I have had what might be called a post graduate course in the most important subject for all Canadians - Canada itself.
History is the necessary food of good and noble sentiments. It ought to give us at once humility and confidence in the face of greatness.
This visit "north of 60" was to complete what might be called at least a preliminary survey. I arrived here and realized that my survey had hardly begun.
The great menace of civilization in the present is that we offer an education with too little regard for the roots.
It is the University's function to turn out well-balanced persons with an understanding of themselves and of their place in life.
Rational comprehension of the universe is not enough.
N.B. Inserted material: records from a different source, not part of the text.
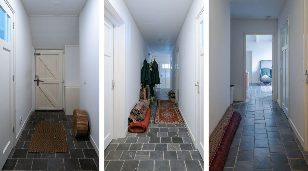 Bij het betreden van de boerderij komt u binnen via de centrale hal. Vanuit de hal zijn een groot gedeelte van de ruimtes te bereiken.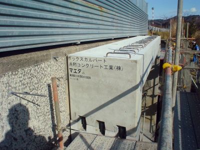 2010年01月23日(土) 新着情報 施工実績にNEXCO東日本、斜角4分割ボックスカルバートを追加 施工実績紹介ページにNEXCO東日本発注の斜角4分割ボックスカルバートを追加致しました。 発注者:東日本高速道路株式会社東北支社仙台管理事務所 元請者:日建工業株式会社 工事名:東北自動車道仙台南地区路肩拡幅工事 製品名:斜角4分割ボックスカルバート 6000×4150 斜角度80度 上下連結:KTジョイント D25 延 長:L=1.00m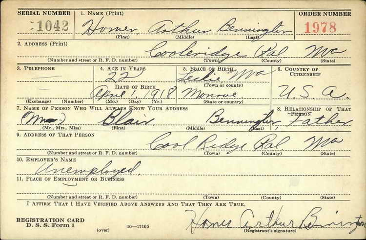 Bennington who registered for the draft ca. 1940 based on his age and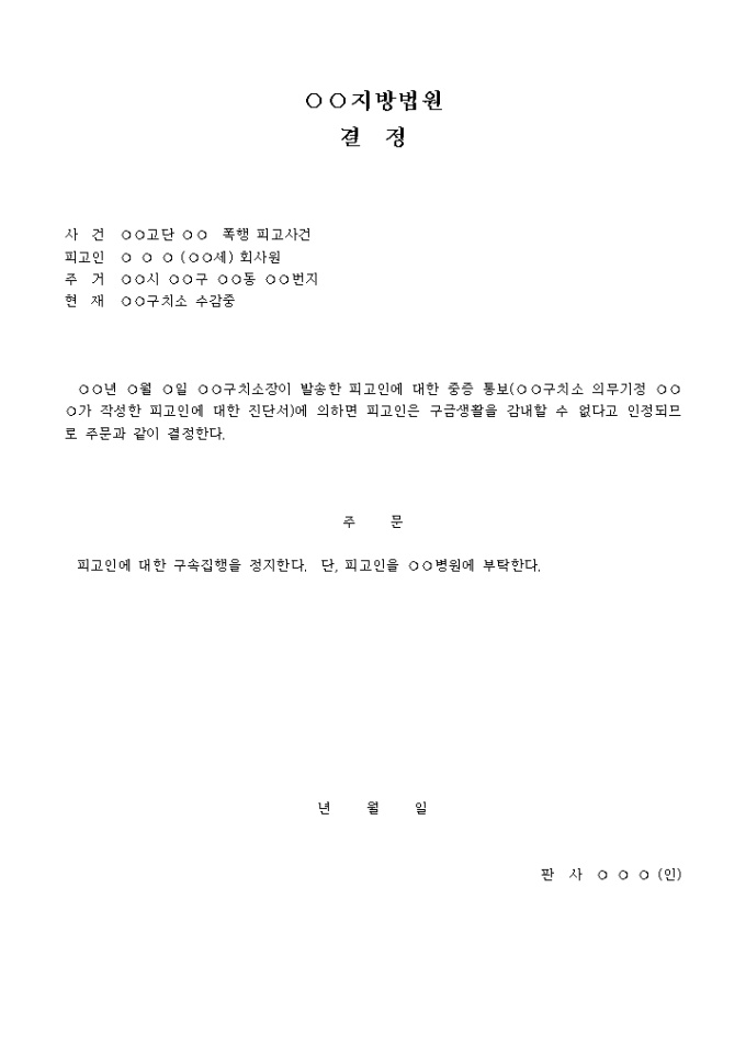 9,000원/월구속집행정지결정 입니다. ○○년 ○월 ○일 ○○구치소장이 발송한 피고인에 대한 중증 통보(○○구치소 의무기정 ○○○가 작성한 피고인에 대한 진단서)에 의하면 피고인은 구금생활을 감내할 수 없다고 인정되므로 주문과 같이 결정한다. 주 문 피고인에 대한 구속집행을 정지한다. 단, 피고인을 ○○병원에 부탁한다. ...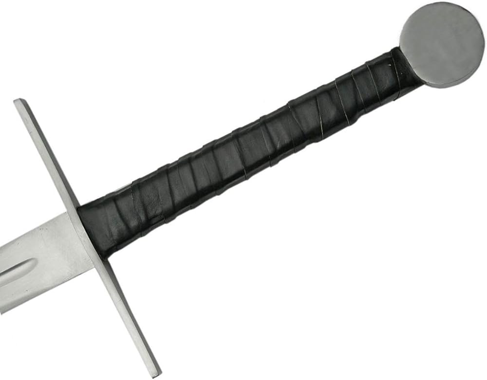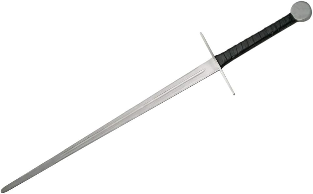 SZCO 48" Hand and a Half Medieval Sword – Full Tang Steel Sword with Leather Wrapped Handle, Steel Guard & Pommel, Black Scabbard for Cosplay & Display
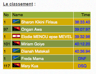 Lors du 10 000m Femmes, Elodie Menou prend la 3ème place en 39’32″98, après la disqualification de la papoue Marie Kua.

We must call to our aid not merely reason, but the vision and the spiritual insight of the ages. These things we must seek.
In opening and conquering a country great and wild and rich - a country indeed not yet fully known or conquered - we have still to learn more about ourselves and each other.
It would be foolish and wrong to ignore the fact that all our universities today tread a very dangerous path. Increasingly, they are accepting government money because they are doing things that government wants done. How great a peril is this in a democracy?
Old wives' tales are not enough in a day when old wives and old men, too, are constantly moving away from their labours.
In fact, in the far North one sees the northern lights facing south!